**1/2 (out of four)
DIRECTED BY Kevin Reynolds
STARS Joseph Fiennes, Tom Felton
Joseph Fiennes and Tom Felton in Risen (Photo: Sony)
Its latest offering is Risen, and what's perhaps most surprising about the film is its restraint. Most other faith-based films of recent vintage tend to preach only to the choir — and by choir, I don't mean Christians in general but those dangerous armies of hypocritical right-wing zealots, the ones who, say, believe that Obama is not only a Muslim but also the head of ISIS, or who think that evangelists like Elevation Church's Steven Furtick are following in the footsteps of Jesus by living like billionaires and preaching in palatial churches that resemble Vegas casinos. Yet Risen is a religious picture measured enough to appeal to filmgoers of all persuasions — in other words, no one had the bright idea of casting Rush Limbaugh as one of the disciples or hiring Ben Stein to serve as the voice of God. It's just too bad it's not a bit better, since its modesty also leads to a noticeable lack of — and pun absolutely not intended — passion.

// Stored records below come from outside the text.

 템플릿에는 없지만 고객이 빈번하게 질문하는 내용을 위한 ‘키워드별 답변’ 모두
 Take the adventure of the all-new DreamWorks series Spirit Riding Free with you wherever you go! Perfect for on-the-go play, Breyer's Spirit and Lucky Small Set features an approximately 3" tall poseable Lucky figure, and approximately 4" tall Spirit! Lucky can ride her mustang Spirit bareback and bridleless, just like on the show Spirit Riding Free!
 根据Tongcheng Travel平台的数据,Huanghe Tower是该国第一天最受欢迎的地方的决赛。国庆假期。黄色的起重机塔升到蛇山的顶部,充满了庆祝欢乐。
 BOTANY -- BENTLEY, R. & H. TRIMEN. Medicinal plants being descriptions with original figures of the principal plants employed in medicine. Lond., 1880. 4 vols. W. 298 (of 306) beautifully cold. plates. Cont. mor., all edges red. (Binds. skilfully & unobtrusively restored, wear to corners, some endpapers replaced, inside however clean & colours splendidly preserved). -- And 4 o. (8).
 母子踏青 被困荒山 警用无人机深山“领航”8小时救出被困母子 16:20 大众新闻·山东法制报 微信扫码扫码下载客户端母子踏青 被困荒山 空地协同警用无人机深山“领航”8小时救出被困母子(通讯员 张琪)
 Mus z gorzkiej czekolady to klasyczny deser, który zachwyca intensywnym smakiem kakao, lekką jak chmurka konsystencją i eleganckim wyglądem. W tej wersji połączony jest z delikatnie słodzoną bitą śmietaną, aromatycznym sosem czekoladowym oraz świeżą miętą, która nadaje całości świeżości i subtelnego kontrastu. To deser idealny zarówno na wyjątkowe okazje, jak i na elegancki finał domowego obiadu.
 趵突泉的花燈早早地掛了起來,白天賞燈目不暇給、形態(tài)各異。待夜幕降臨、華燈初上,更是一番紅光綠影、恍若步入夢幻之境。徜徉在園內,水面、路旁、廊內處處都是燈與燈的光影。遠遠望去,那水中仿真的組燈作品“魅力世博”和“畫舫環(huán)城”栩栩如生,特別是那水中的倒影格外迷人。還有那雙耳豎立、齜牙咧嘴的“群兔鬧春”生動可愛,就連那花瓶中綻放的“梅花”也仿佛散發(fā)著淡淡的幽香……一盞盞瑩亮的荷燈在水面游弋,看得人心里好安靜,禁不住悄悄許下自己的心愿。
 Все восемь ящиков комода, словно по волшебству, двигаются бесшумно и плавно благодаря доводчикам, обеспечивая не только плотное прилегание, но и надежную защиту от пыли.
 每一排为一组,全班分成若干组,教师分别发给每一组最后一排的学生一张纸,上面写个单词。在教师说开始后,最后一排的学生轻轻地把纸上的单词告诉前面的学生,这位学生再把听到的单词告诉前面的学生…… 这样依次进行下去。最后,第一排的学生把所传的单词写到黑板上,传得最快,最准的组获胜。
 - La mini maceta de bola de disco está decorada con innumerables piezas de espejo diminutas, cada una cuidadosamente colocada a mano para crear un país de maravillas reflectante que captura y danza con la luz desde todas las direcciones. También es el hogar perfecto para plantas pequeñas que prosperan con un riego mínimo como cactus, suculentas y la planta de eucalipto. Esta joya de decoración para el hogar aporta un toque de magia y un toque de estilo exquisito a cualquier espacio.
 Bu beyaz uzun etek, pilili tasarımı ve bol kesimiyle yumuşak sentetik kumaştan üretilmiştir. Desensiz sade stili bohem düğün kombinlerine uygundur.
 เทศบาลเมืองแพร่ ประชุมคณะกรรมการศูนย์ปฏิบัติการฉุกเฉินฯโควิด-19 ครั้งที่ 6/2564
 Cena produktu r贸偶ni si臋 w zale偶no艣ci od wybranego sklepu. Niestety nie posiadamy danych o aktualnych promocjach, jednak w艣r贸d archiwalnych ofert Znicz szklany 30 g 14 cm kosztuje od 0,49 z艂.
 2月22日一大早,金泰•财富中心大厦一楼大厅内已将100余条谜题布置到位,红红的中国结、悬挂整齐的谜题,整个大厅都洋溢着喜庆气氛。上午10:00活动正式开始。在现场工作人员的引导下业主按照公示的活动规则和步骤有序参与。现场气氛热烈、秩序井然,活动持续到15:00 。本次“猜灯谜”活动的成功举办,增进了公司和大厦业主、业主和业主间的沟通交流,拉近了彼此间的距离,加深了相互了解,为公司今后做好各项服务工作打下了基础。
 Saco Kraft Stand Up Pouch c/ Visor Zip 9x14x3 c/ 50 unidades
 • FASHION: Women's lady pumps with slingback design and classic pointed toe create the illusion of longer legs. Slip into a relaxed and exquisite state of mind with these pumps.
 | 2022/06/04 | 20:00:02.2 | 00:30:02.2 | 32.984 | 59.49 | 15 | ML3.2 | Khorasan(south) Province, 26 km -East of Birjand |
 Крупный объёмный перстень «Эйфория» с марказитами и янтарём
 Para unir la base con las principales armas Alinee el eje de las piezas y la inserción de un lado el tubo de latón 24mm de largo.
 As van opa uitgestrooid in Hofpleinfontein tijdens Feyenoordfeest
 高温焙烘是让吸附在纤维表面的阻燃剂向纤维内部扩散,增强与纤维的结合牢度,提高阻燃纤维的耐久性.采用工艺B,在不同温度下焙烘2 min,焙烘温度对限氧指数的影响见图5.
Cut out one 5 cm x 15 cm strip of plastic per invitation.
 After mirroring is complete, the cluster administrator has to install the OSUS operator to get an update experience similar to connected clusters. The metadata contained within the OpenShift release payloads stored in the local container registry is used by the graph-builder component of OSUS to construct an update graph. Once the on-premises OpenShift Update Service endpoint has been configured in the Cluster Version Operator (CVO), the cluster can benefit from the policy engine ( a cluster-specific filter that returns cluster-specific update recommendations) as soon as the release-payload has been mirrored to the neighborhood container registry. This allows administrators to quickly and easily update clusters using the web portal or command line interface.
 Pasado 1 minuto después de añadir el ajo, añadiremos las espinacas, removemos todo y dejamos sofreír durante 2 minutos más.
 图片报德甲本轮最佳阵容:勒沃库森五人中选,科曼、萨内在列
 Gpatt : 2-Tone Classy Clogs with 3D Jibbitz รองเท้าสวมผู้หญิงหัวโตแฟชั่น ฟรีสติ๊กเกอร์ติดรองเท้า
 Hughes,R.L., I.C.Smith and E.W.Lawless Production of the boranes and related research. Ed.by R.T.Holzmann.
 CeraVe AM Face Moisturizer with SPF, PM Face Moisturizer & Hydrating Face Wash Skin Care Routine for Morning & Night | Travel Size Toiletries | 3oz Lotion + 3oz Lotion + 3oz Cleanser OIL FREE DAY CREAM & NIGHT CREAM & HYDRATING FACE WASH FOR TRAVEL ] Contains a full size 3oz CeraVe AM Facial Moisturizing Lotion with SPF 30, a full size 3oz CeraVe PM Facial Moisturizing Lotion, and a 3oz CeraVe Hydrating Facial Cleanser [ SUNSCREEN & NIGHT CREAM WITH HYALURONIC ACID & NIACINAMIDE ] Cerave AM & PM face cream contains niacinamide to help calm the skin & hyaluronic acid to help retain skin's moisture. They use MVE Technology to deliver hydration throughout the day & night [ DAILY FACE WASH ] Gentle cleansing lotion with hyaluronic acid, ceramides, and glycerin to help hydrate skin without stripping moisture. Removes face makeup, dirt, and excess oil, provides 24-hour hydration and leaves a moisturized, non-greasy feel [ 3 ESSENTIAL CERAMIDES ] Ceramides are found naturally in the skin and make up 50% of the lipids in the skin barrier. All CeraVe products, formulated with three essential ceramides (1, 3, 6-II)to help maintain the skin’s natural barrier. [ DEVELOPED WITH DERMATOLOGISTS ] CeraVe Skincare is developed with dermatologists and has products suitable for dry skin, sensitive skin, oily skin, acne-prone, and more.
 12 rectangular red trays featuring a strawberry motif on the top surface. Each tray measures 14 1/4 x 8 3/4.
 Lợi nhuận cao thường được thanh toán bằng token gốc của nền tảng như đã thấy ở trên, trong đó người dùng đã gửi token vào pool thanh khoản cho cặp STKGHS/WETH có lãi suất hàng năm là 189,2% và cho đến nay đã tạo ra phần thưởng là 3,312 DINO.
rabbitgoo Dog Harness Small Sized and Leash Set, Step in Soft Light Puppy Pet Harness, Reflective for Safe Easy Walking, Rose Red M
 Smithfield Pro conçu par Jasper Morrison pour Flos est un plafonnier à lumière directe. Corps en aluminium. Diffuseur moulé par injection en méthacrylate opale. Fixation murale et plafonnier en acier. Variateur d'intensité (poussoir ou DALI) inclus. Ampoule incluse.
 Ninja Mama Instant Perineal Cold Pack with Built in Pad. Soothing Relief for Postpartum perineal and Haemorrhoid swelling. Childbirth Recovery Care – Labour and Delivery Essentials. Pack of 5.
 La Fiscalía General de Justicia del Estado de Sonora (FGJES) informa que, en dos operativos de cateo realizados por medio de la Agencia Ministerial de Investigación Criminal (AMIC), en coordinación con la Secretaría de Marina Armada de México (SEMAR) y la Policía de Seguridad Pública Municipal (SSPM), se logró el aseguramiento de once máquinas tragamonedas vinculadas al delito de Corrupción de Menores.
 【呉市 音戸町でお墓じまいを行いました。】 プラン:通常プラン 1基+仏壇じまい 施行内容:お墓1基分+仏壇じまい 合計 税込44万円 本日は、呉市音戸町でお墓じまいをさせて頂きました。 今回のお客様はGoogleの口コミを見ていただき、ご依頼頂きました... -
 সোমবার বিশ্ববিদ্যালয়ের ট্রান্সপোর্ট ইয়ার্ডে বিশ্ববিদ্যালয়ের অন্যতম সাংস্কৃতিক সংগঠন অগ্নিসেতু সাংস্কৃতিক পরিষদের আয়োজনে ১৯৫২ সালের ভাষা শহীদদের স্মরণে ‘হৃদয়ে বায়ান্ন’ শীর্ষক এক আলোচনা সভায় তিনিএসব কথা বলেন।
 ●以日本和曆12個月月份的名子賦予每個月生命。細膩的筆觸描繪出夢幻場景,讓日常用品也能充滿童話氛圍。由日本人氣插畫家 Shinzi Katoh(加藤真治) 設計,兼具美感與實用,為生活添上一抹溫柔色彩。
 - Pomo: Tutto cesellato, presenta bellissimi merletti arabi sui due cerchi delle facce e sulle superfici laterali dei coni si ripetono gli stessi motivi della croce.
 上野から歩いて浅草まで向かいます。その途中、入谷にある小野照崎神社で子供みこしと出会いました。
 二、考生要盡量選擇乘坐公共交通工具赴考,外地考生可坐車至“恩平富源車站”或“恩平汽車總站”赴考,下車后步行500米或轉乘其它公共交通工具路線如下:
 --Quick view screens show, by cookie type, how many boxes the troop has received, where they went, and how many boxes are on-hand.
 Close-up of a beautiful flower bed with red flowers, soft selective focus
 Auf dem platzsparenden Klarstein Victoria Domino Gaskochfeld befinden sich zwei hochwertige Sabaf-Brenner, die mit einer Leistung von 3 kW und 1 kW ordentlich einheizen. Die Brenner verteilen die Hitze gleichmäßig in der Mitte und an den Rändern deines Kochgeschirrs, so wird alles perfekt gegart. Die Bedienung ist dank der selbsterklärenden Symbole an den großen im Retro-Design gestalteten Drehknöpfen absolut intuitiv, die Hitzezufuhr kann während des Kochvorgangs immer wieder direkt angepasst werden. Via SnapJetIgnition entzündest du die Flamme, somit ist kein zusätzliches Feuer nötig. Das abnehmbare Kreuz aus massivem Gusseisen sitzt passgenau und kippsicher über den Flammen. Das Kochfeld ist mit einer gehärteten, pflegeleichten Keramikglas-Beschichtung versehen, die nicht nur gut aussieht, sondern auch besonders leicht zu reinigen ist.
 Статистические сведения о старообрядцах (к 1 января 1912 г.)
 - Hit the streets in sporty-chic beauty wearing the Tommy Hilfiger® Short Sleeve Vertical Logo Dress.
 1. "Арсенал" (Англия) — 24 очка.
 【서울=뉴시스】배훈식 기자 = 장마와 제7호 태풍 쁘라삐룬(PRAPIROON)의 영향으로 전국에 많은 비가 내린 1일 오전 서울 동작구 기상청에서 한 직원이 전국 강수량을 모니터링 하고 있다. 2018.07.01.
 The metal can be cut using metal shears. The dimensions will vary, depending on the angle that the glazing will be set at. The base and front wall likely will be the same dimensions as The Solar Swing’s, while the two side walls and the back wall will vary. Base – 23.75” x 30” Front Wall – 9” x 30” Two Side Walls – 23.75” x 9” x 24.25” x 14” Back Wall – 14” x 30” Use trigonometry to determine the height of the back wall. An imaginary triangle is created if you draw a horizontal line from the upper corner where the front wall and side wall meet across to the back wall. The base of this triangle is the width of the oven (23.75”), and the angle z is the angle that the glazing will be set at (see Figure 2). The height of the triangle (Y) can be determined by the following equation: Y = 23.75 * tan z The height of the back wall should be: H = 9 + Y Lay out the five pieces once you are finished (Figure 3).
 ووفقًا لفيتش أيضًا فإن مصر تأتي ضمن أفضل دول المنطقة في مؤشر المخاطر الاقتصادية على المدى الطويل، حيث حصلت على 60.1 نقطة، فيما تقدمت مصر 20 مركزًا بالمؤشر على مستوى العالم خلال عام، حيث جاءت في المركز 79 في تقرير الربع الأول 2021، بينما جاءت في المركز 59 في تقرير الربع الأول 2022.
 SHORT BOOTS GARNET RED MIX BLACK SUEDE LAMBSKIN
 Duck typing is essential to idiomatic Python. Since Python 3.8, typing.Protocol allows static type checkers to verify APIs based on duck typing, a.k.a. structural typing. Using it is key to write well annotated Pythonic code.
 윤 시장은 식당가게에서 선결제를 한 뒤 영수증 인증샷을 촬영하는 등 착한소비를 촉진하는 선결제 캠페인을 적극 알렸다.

Joseph Fiennes plays the central character of Clavius, a Roman officer who's ordered by Pontius Pilate (Peter Firth) to locate the missing body of Jesus after it disappears from the cave in which it was laid following His crucifixion. As Clavius sets out on his investigation, gathering evidence and interviewing witnesses, he starts to wonder if Christ was indeed more than just a man. In essence, Fiennes is playing George Clooney's role in the film-within-the-film of Hail, Caesar!, minus the ample laughs. Fiennes is fine in the part, and those keeping track of what the Harry Potter gang has been doing will be interested to learn that Tom Felton (Draco Malfoy) appears as Clavius' assistant. But director Kevin Reynolds (Waterworld), who also co-wrote the screenplay with Paul Aiello, often adopts the restrictive impulses of those otherwise sturdy religious flicks of yesteryear, the ones which wouldn't even allow the camera to gaze upon the face of Jesus (or, rather, the extra cast as Him). Risen does give us a Jesus in actor Cliff Curtis, but he remains a beatific cypher, and the takeaway is that, in the same distancing manner as those black-themed pictures told through the eyes of white protagonists, here's a Biblical yarn related not through Christ Himself or even his disciples but rather an individual late to the party. It's not an uncommon approach, but in its focus on the manhunt rather than the man, it basically turns the greatest story ever told into a Very Special Episode of CSI.